Summer’s most intriguing documentary films

by | Jun 10, 2021 | Arts and Entertainment | 0 comments

In addition to a handful of summer feature films that are intended for, ahem, more mature filmgoers, this season is promising another bumper crop of documentaries, part of what has become a golden age for nonfiction films.

With documentaries, though, the trick sometimes is being able to see them. Streaming services have been a boon in this regard (in fact, I think Netflix has won the last three Oscars for documentaries), and some of these films will show up on those platforms. Your local multiplex is unlikely to pull “F9” off any of its screens to show even one of these documentaries, but keep an eye on The Darkside Cinema in Corvallis (lately, the Darkside has been offering some intriguing titles as part of its virtual marquee). But the release dates listed for many of these documentaries may not at all have any resemblance to when they finally become available in the mid-valley.
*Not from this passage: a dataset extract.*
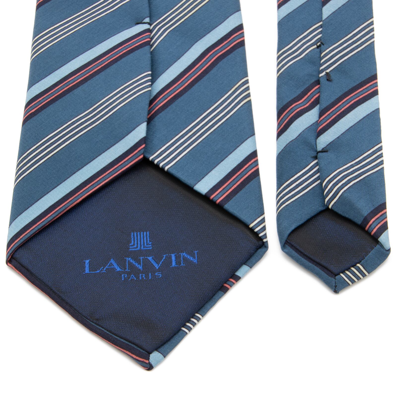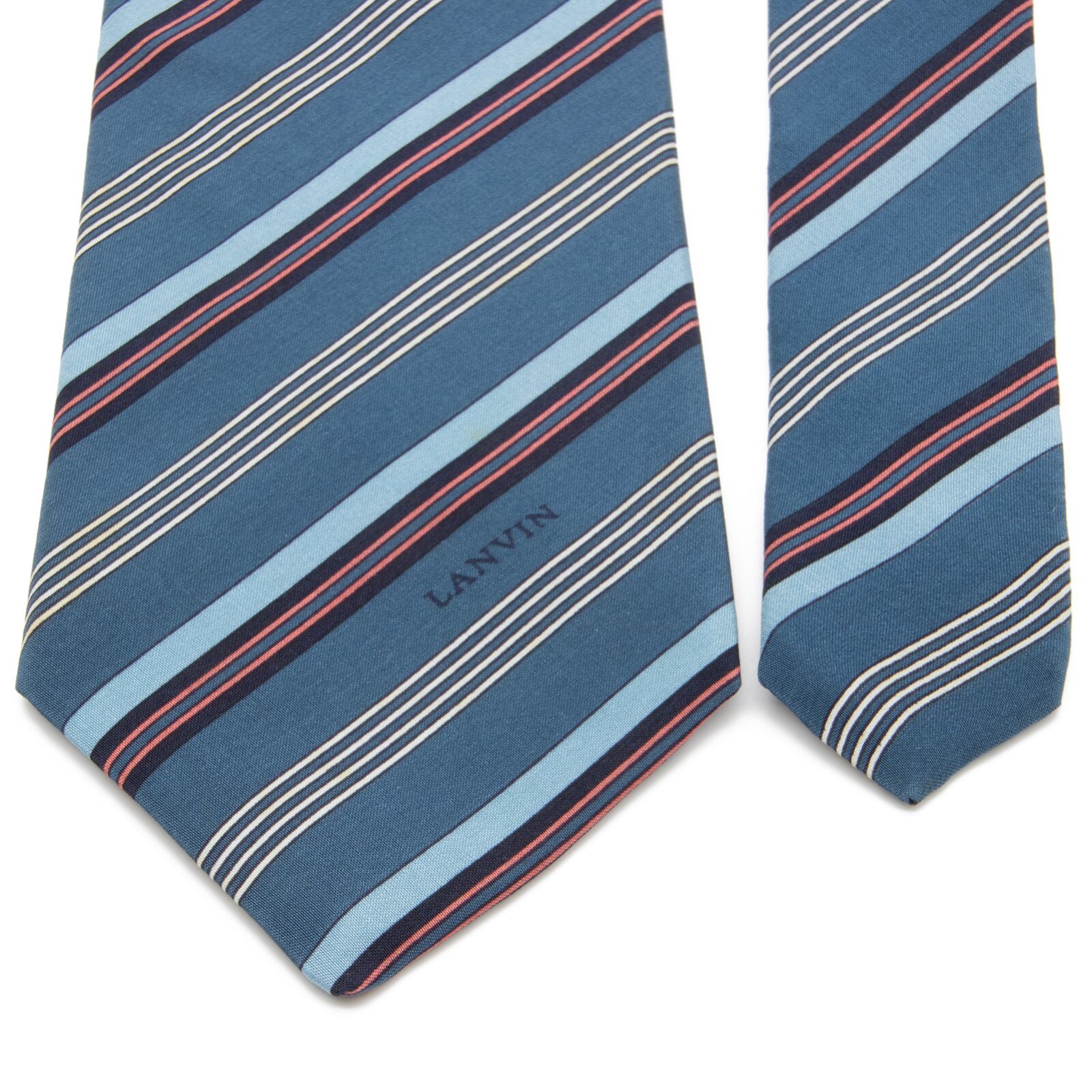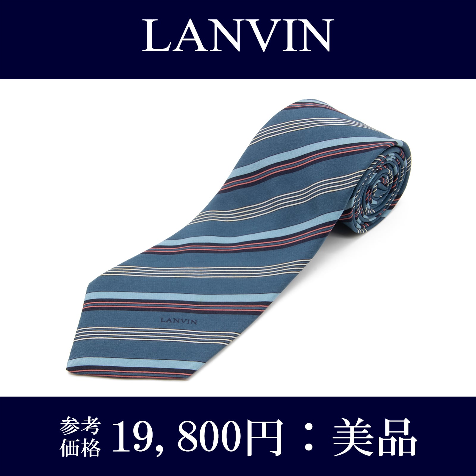 送料無料 ランバン ネクタイ レギュラータイ シルク 青 ブルー 白 ホワイト ピンク ブランド ストライプ ロゴ シンプル レア 綺麗 N477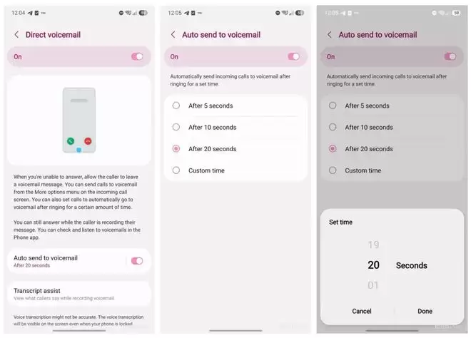 根据相关介绍,这次更新最大的亮点是引入了“直接语音信箱”功能。用户可以设置在特定时间段内,将所有来电自动转接至语音信箱。当对方留言时,系统会在三星电话应用界面实时生成并显示语音的文字转录内容,方便用户在无法接听时快速获取留言信息。

With that said, the following titles look like they could be worth hunting down this summer:

  • “The Ancient Woods.” Director Mindaugas Survila takes a deep (and unhurried) dive into a relatively unsullied forest in Lithuania. (Now playing in some theaters.)
  • “Rise Again: Tulsa and the Red Summer.” The new documentary from Dawn Porter (“John Lewis: Good Trouble”) arrives to help mark the 100th anniversary of the Tulsa race massacre. (June 18, on Hulu and National Geographic.)
  • “Rita Moreno: Just a Girl Who Decided to Go For It.” Moreno, an EGOT winner, discusses her career in show business, including her breakthrough role in “West Side Story” and the discrimination she faced along the way. (June 18, in theaters.)
  • “The Sparks Brothers.” This is shaping up as a terrific summer for music documentaries, and this one might be the oddest of the bunch. Edgar Wright, of all people, directs a biography of the band Sparks — Ron and Russell Mael — who have been making quirky, idiosyncratic pop music for 50 years. Actually, come to think of it, Wright seems like the ideal director. It’s a big summer for the Maels; their musical “Annette” comes to the big screen in August and stars Adam Driver and Marion Cotillard. I haven’t seen the “The Sparks Brothers” yet, of course, but the trailer might be the funniest ever made for a documentary. (June 18, in theaters.)
  • “Truman and Tennessee: An Intimate Conversation.” In voiceovers, Jim Parsons reads Truman Capote’s words; Zachary Quinto reads words by Tennessee Williams. Director Lisa Immordino creates a dialogue between the two. (June 18, in theaters and virtual cinema.)
  • “Summer of Soul (… Or When the Revolution Could Not Be Televised).” The musician Questlove makes his directorial debut in this Sundance favorite featuring archival footage from the 1969 Harlem Cultural Festival, a series of concerts that included performances from Nina Simone, Sly & the Family Stone and B.B. King, among others. (July 2, in theaters and on Hulu.)
  • “Roadrunner: A Film About Anthony Bourdain.” Morgan Neville, who directed “Won’t You Be My Neighbor,” is at the helm for this movie about the “Kitchen Confidential” chef, who died by suicide in 2018. (July 16, in theaters.)
  • “Ailey.” Director Jamila Wignot examines the career of the pioneering dancer and choreographer Alvin Ailey, using archival footage and Ailey’s own words. (July 23, In theaters and on demand.)
  • “The Beatles: Get Back.” Director Peter Jackson got access to and restored hours of audio and video recordings of the Fab Four in 1969, during the making of the “Let It Be” album. Jackson says the recordings showcase the friendship between the band members, even as the group was breaking up. (Aug. 27, in theaters.)
  • “The Big Scary ‘S’ Word.” The word, of course, is “socialism,” and this film traces its history in the United States. Among the interviewees: Bernie Sanders and Alexandria Ocasio-Cortez. (Sept. 3, in theaters.)